## [Task]
Exactly and only the lines from the one with "Add a little" through the last line of the records need to be set down; please skip the pictures.

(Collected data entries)
☆ ☆ ☆ ☆ ☆ ☆ ☆

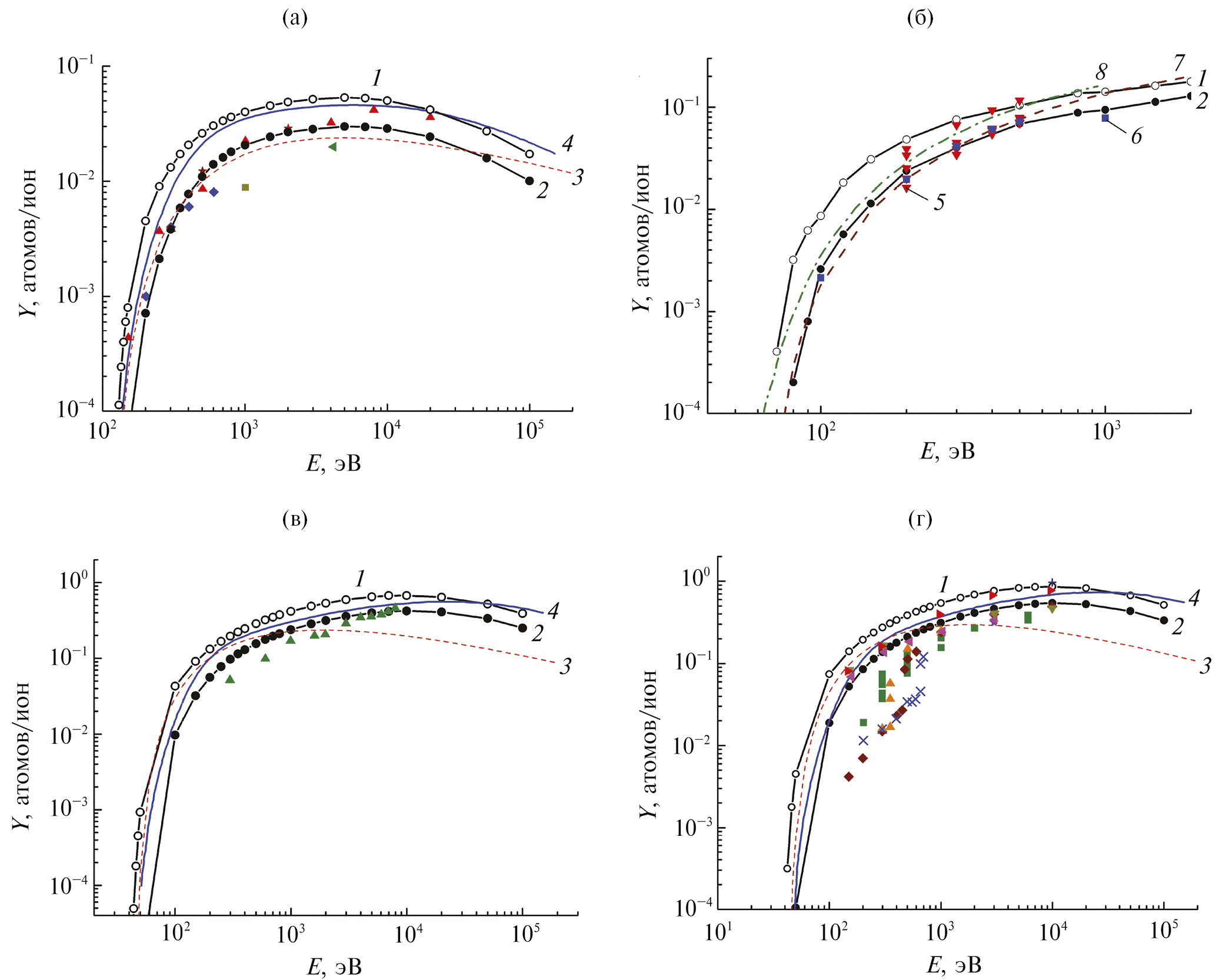 Расчеты группы Экштайна [18], выполненные для плоскостного потенциального барьера, лежат межу нашими предельными кривыми и, на наш взгляд, несколько завышают коэффициенты распыления. Как видно из рис. 1б, наши расчеты для случая Be–W неплохо согласуются с расчетами, выполненными методами молекулярной динамики [19, 20], и расчетом Ямамуры [21] и программой SDTrimSP [22].
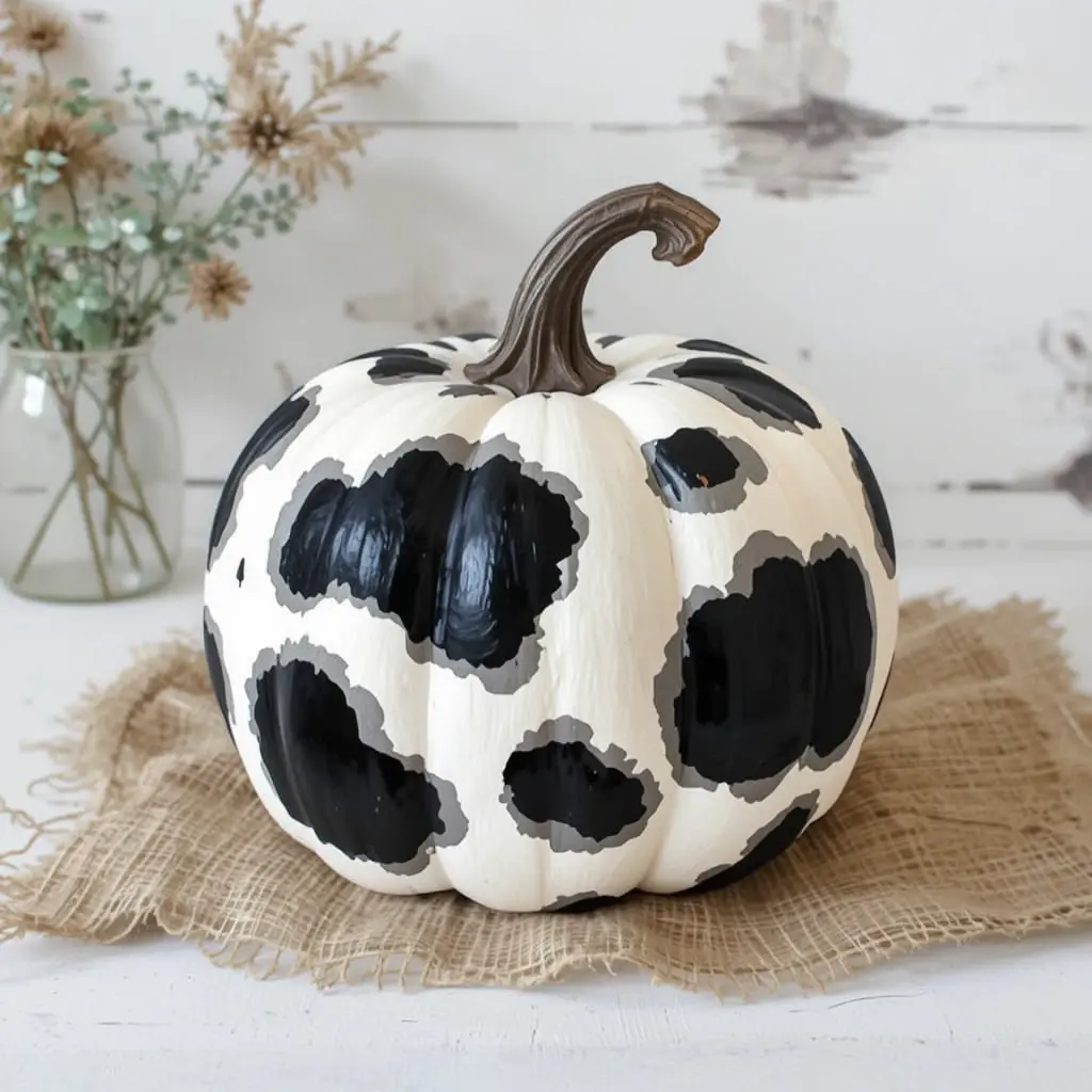 Add a little farmhouse flair with a trendy cow print pattern. Paint the base white and add irregular black spots. It’s cute, quirky, and a total eye-catcher. Pair it with burlap or buffalo plaid for extra rustic vibes.
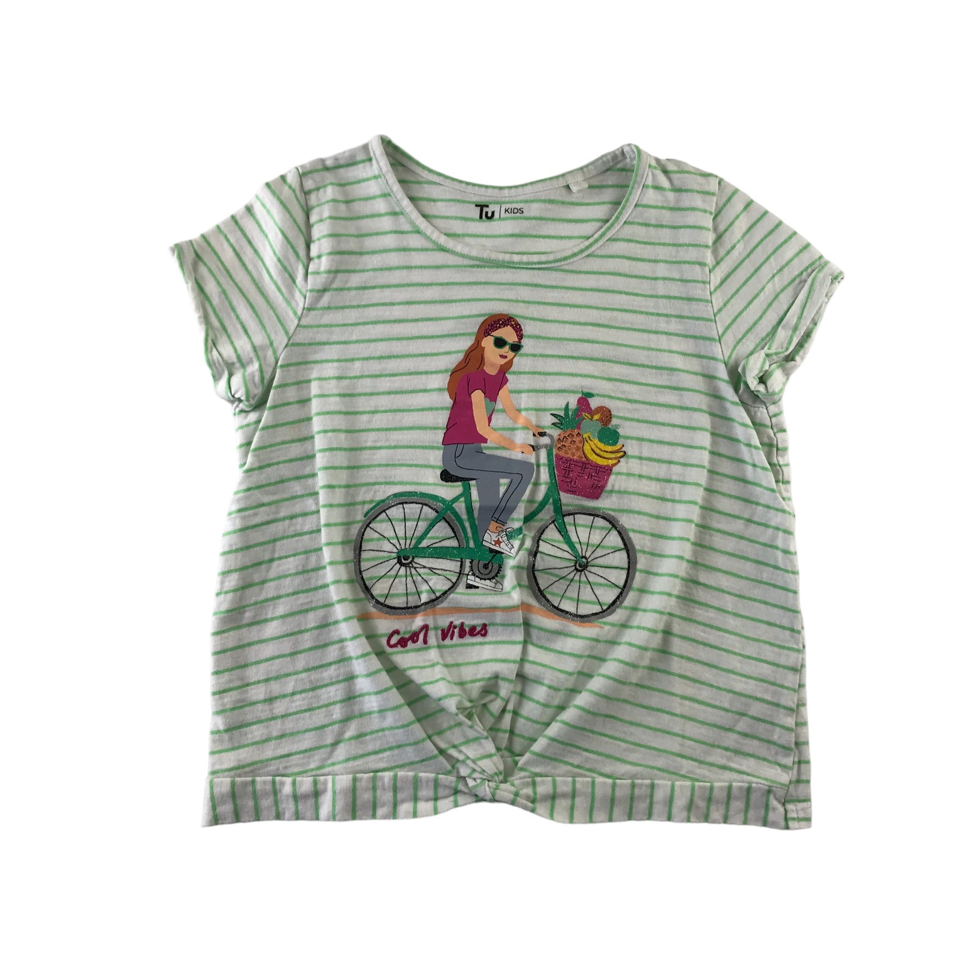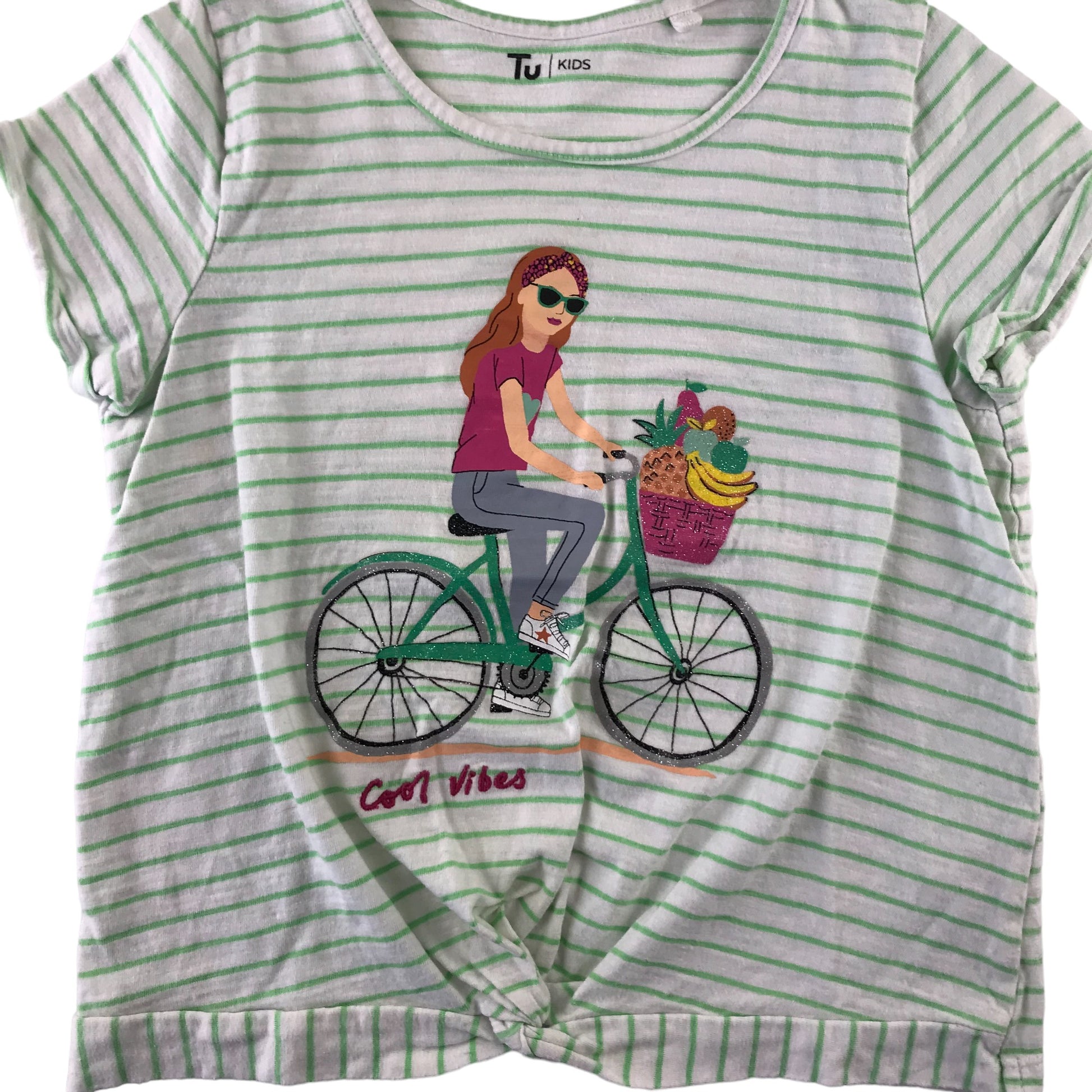 Tu t-shirt 7-8 years white and green stripy Cool Vibes cycling girl
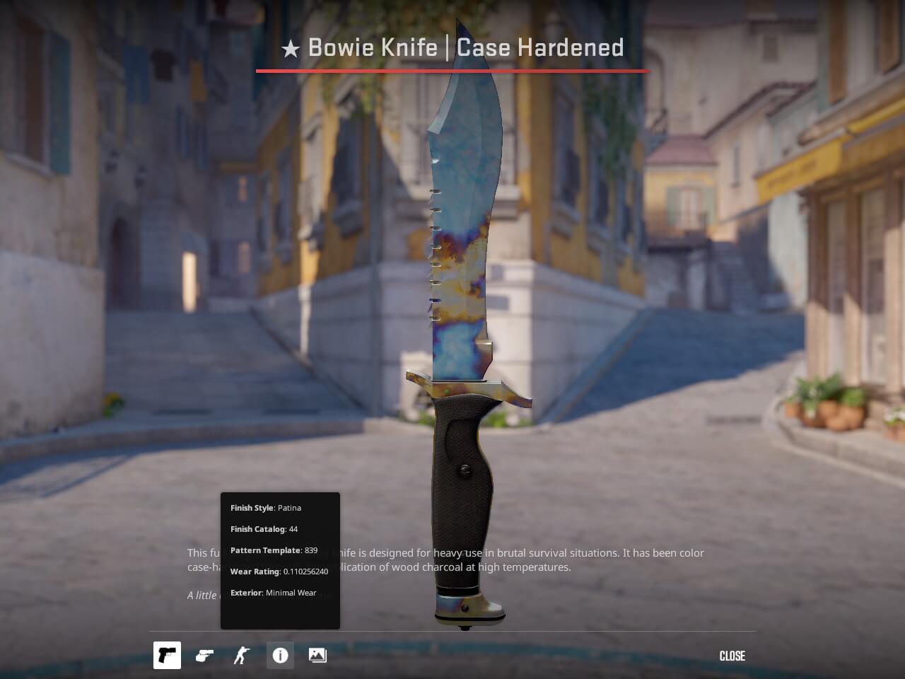 The Bowie Knife has a large blade surface, making a full-blue appearance visually impressive. This makes the appearance of the ★ Bowie Knife | Case Hardened inimitable.
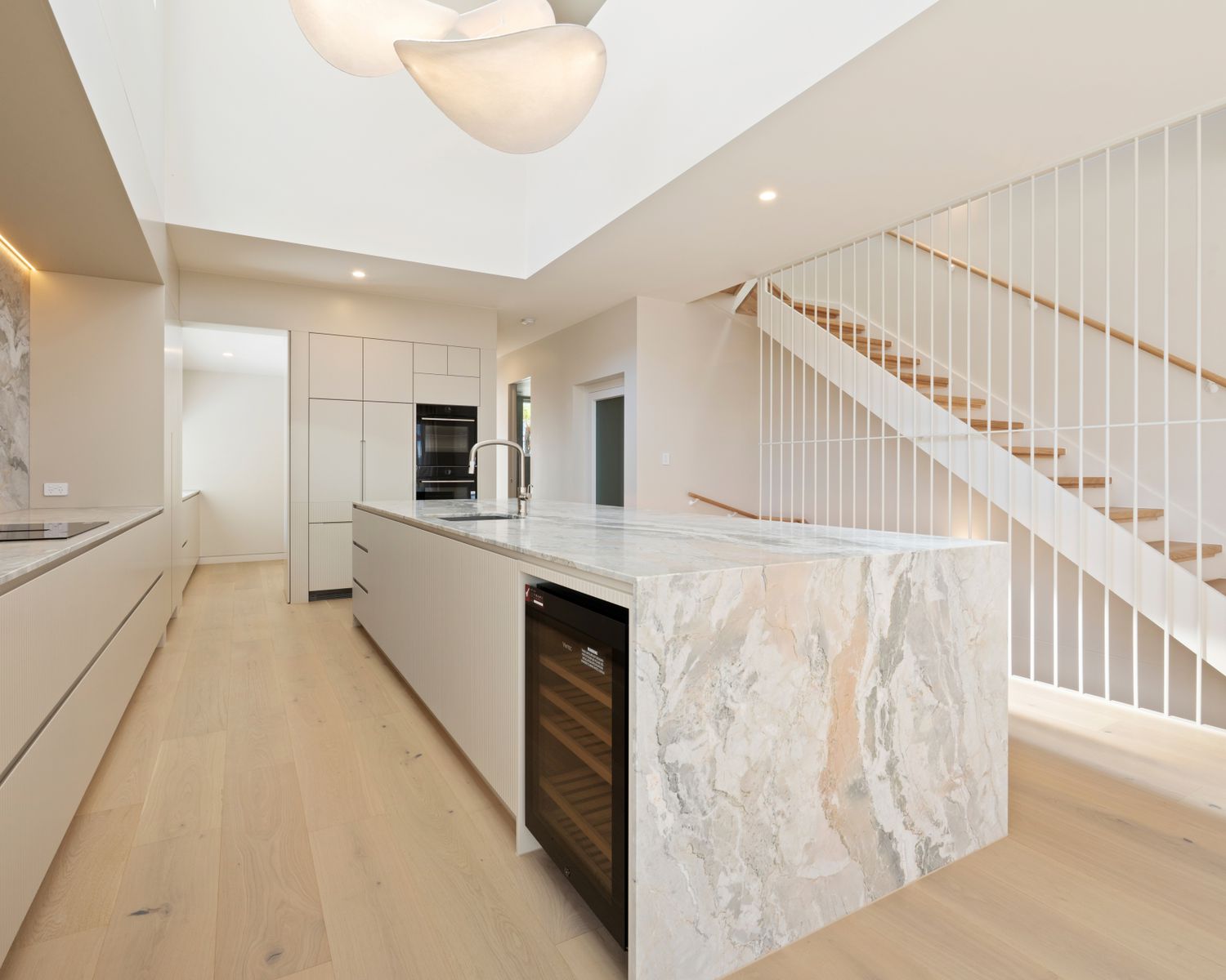-Designer kitchen boasts a butler's pantry, 4m natural stone island bench and splashback, Bosch appliances, integrated Fisher & Paykel fridge/freezer and Vintec Bar Fridge
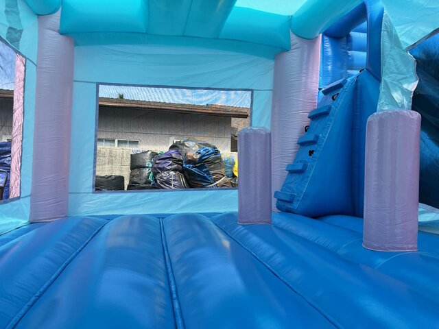 Outlets: 2 POWER OUTLETS WITHIN 50 FT OF SET UP. IF THERE IS NO ELECTRICITY 2 GAS BLOWERS ARE REQUIRED WATER HOSE NEAR SET UP( IF USING SLIDE WET)

☆ ☆ ☆ ☆ ☆ ☆ ☆

## [Output for this task]
 Add a little farmhouse flair with a trendy cow print pattern. Paint the base white and add irregular black spots. It’s cute, quirky, and a total eye-catcher. Pair it with burlap or buffalo plaid for extra rustic vibes.
 Tu t-shirt 7-8 years white and green stripy Cool Vibes cycling girl
 The Bowie Knife has a large blade surface, making a full-blue appearance visually impressive. This makes the appearance of the ★ Bowie Knife | Case Hardened inimitable.
-Designer kitchen boasts a butler's pantry, 4m natural stone island bench and splashback, Bosch appliances, integrated Fisher & Paykel fridge/freezer and Vintec Bar Fridge
 Outlets: 2 POWER OUTLETS WITHIN 50 FT OF SET UP. IF THERE IS NO ELECTRICITY 2 GAS BLOWERS ARE REQUIRED WATER HOSE NEAR SET UP( IF USING SLIDE WET)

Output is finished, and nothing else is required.